- [Your assignment]: What must be written out is each line from the one holding "Estructura en tubo" through the end of the records, word for word, minus any pictures.

:: Material provided

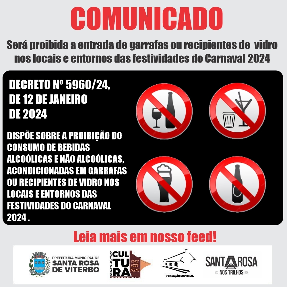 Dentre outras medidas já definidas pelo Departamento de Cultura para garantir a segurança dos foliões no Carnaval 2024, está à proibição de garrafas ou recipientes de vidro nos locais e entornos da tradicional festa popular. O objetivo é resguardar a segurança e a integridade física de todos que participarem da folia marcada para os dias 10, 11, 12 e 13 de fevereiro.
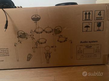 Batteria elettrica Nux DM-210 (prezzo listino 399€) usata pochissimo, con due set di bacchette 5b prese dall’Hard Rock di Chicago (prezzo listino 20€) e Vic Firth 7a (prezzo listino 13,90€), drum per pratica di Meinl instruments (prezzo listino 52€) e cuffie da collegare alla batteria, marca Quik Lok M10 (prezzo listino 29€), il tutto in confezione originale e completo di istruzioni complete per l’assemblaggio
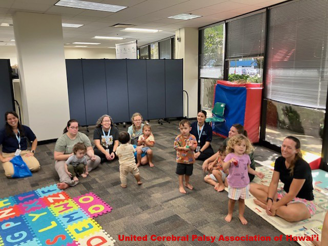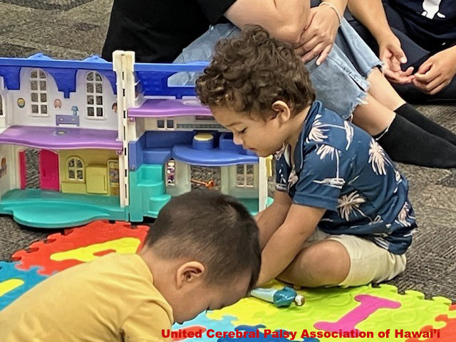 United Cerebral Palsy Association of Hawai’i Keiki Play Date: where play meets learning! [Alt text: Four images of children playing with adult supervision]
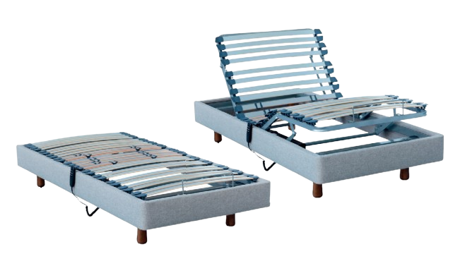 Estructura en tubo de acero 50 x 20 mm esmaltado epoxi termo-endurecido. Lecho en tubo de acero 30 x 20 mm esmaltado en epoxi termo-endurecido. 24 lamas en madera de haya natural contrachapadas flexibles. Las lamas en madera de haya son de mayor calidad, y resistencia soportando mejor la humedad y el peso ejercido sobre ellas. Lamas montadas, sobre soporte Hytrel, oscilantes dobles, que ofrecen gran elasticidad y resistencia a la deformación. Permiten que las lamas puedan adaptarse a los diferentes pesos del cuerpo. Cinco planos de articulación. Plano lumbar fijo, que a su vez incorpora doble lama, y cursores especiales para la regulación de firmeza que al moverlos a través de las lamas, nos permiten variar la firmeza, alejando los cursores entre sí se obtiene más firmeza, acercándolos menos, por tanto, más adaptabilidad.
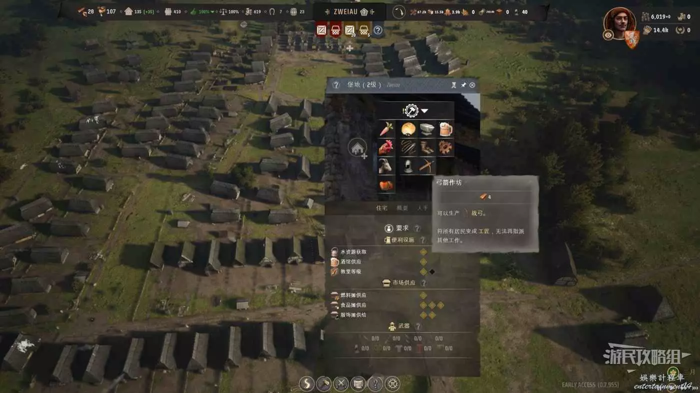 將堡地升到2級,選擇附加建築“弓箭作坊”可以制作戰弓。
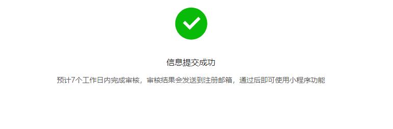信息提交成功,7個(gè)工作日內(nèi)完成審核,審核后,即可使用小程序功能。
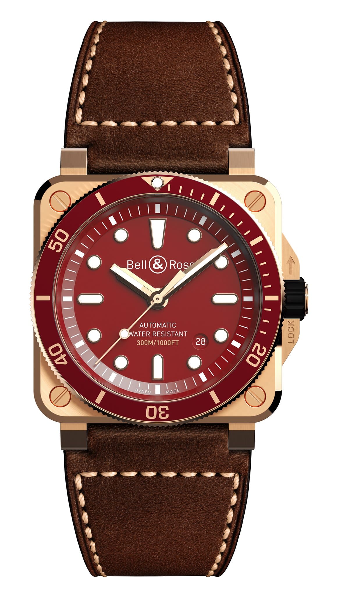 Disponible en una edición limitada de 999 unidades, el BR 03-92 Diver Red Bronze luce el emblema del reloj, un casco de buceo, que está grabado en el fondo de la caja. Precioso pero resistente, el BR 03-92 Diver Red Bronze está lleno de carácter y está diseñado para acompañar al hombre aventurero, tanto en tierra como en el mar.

::::

- [Solution to the exercise]:
 Estructura en tubo de acero 50 x 20 mm esmaltado epoxi termo-endurecido. Lecho en tubo de acero 30 x 20 mm esmaltado en epoxi termo-endurecido. 24 lamas en madera de haya natural contrachapadas flexibles. Las lamas en madera de haya son de mayor calidad, y resistencia soportando mejor la humedad y el peso ejercido sobre ellas. Lamas montadas, sobre soporte Hytrel, oscilantes dobles, que ofrecen gran elasticidad y resistencia a la deformación. Permiten que las lamas puedan adaptarse a los diferentes pesos del cuerpo. Cinco planos de articulación. Plano lumbar fijo, que a su vez incorpora doble lama, y cursores especiales para la regulación de firmeza que al moverlos a través de las lamas, nos permiten variar la firmeza, alejando los cursores entre sí se obtiene más firmeza, acercándolos menos, por tanto, más adaptabilidad.
 將堡地升到2級,選擇附加建築“弓箭作坊”可以制作戰弓。
信息提交成功,7個(gè)工作日內(nèi)完成審核,審核后,即可使用小程序功能。
 Disponible en una edición limitada de 999 unidades, el BR 03-92 Diver Red Bronze luce el emblema del reloj, un casco de buceo, que está grabado en el fondo de la caja. Precioso pero resistente, el BR 03-92 Diver Red Bronze está lleno de carácter y está diseñado para acompañar al hombre aventurero, tanto en tierra como en el mar.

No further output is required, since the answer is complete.